• Problem details
The data below should be transcribed in full, with no picture included.

• Stored items
========

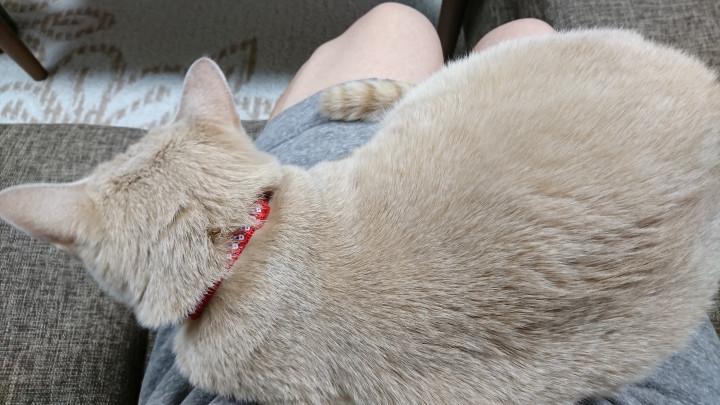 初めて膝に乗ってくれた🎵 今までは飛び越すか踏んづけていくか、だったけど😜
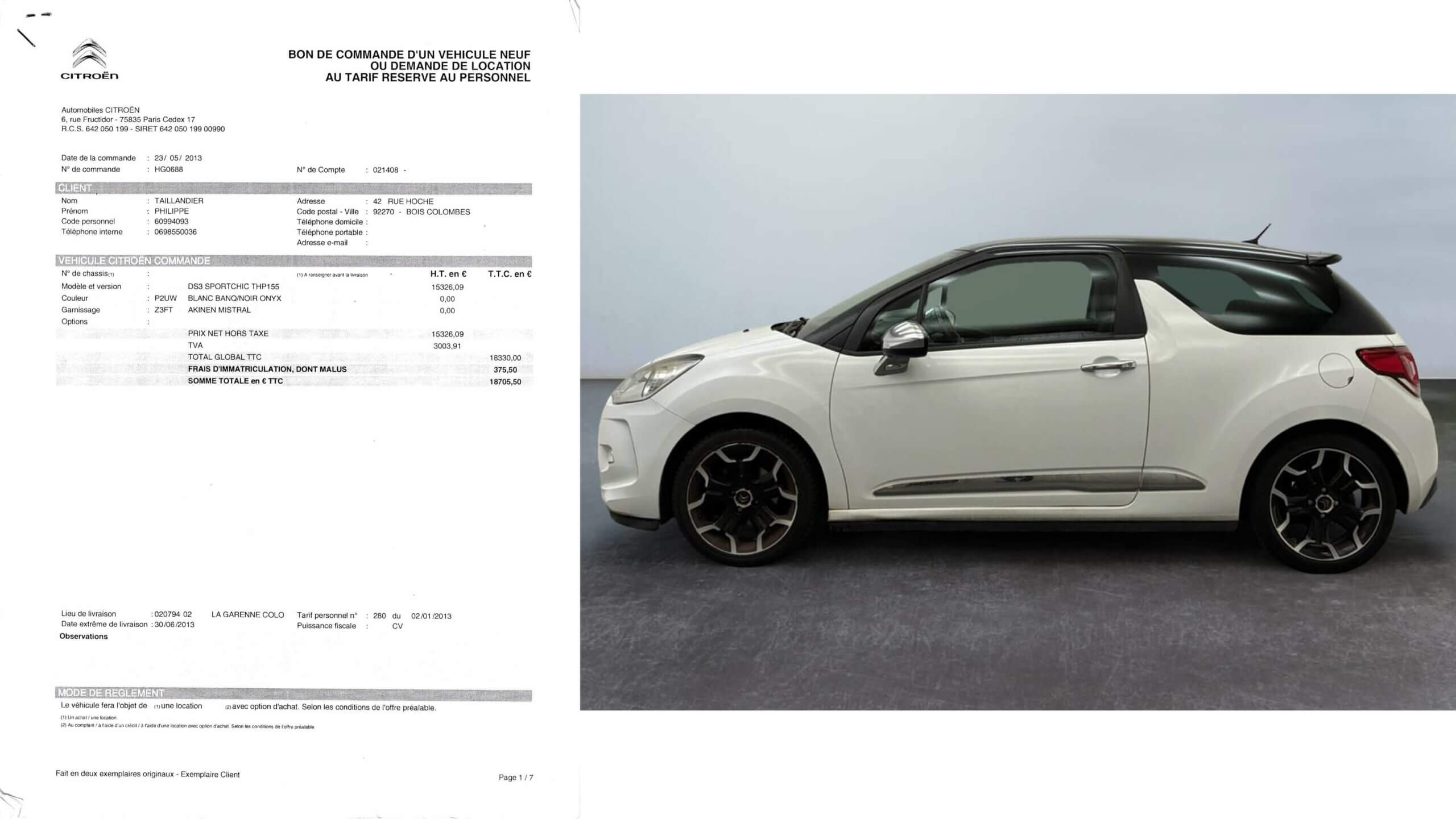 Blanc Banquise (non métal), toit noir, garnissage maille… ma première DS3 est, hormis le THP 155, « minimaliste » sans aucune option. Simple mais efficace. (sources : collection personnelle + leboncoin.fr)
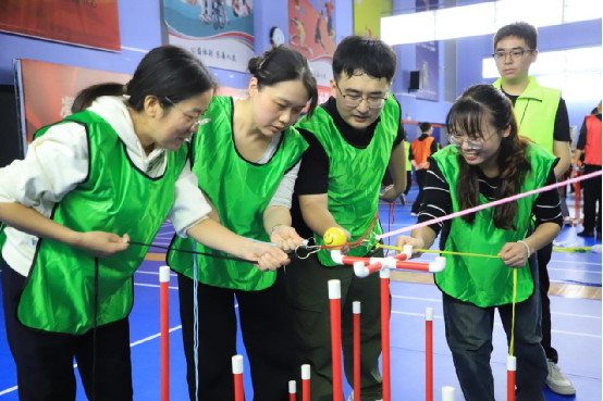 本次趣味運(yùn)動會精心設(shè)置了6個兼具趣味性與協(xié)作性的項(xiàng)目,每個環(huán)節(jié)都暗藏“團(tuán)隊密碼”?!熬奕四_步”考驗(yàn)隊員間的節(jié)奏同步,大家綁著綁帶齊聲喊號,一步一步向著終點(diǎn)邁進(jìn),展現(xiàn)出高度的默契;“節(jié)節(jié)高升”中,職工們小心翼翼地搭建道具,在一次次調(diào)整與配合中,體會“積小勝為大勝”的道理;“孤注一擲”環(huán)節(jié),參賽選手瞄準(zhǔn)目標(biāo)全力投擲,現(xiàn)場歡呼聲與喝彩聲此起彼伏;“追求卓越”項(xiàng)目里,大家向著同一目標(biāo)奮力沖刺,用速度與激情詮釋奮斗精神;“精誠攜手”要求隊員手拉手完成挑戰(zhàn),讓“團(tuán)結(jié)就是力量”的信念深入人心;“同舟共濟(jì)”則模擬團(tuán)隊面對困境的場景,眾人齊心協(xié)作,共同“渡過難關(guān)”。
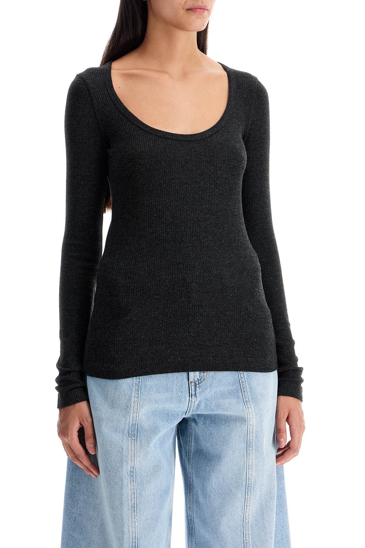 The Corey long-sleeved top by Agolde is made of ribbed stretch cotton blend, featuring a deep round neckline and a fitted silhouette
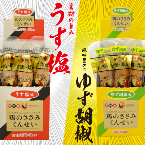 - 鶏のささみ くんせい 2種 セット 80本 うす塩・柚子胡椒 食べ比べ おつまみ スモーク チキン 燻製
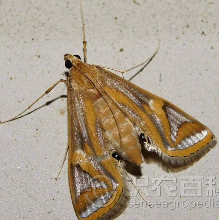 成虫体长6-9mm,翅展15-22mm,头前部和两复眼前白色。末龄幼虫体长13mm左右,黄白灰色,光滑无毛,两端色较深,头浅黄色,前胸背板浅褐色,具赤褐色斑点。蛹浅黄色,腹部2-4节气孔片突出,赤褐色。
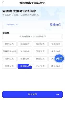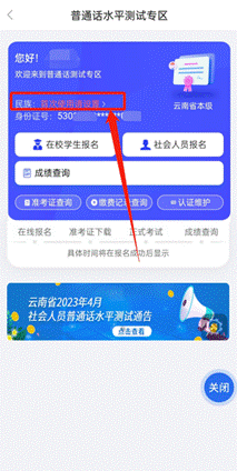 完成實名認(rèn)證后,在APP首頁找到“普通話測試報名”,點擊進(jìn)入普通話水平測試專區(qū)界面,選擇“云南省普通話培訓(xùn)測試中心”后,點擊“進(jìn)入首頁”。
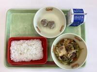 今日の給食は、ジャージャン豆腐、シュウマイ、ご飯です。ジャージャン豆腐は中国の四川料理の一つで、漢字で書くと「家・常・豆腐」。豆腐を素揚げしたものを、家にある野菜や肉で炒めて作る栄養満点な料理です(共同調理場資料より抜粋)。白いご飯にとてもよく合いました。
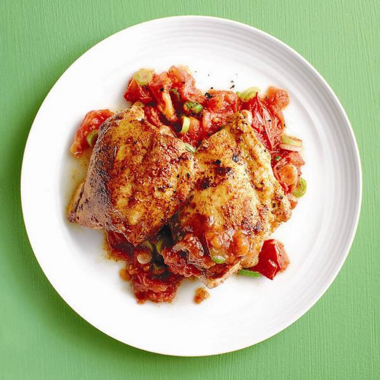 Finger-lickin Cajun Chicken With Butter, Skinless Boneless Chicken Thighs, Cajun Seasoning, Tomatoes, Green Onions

========

• Solved problem
 初めて膝に乗ってくれた🎵 今までは飛び越すか踏んづけていくか、だったけど😜
 Blanc Banquise (non métal), toit noir, garnissage maille… ma première DS3 est, hormis le THP 155, « minimaliste » sans aucune option. Simple mais efficace. (sources : collection personnelle + leboncoin.fr)
 本次趣味運(yùn)動會精心設(shè)置了6個兼具趣味性與協(xié)作性的項(xiàng)目,每個環(huán)節(jié)都暗藏“團(tuán)隊密碼”?!熬奕四_步”考驗(yàn)隊員間的節(jié)奏同步,大家綁著綁帶齊聲喊號,一步一步向著終點(diǎn)邁進(jìn),展現(xiàn)出高度的默契;“節(jié)節(jié)高升”中,職工們小心翼翼地搭建道具,在一次次調(diào)整與配合中,體會“積小勝為大勝”的道理;“孤注一擲”環(huán)節(jié),參賽選手瞄準(zhǔn)目標(biāo)全力投擲,現(xiàn)場歡呼聲與喝彩聲此起彼伏;“追求卓越”項(xiàng)目里,大家向著同一目標(biāo)奮力沖刺,用速度與激情詮釋奮斗精神;“精誠攜手”要求隊員手拉手完成挑戰(zhàn),讓“團(tuán)結(jié)就是力量”的信念深入人心;“同舟共濟(jì)”則模擬團(tuán)隊面對困境的場景,眾人齊心協(xié)作,共同“渡過難關(guān)”。
 The Corey long-sleeved top by Agolde is made of ribbed stretch cotton blend, featuring a deep round neckline and a fitted silhouette
 - 鶏のささみ くんせい 2種 セット 80本 うす塩・柚子胡椒 食べ比べ おつまみ スモーク チキン 燻製
 成虫体长6-9mm,翅展15-22mm,头前部和两复眼前白色。末龄幼虫体长13mm左右,黄白灰色,光滑无毛,两端色较深,头浅黄色,前胸背板浅褐色,具赤褐色斑点。蛹浅黄色,腹部2-4节气孔片突出,赤褐色。
 完成實名認(rèn)證后,在APP首頁找到“普通話測試報名”,點擊進(jìn)入普通話水平測試專區(qū)界面,選擇“云南省普通話培訓(xùn)測試中心”后,點擊“進(jìn)入首頁”。
 今日の給食は、ジャージャン豆腐、シュウマイ、ご飯です。ジャージャン豆腐は中国の四川料理の一つで、漢字で書くと「家・常・豆腐」。豆腐を素揚げしたものを、家にある野菜や肉で炒めて作る栄養満点な料理です(共同調理場資料より抜粋)。白いご飯にとてもよく合いました。
 Finger-lickin Cajun Chicken With Butter, Skinless Boneless Chicken Thighs, Cajun Seasoning, Tomatoes, Green Onions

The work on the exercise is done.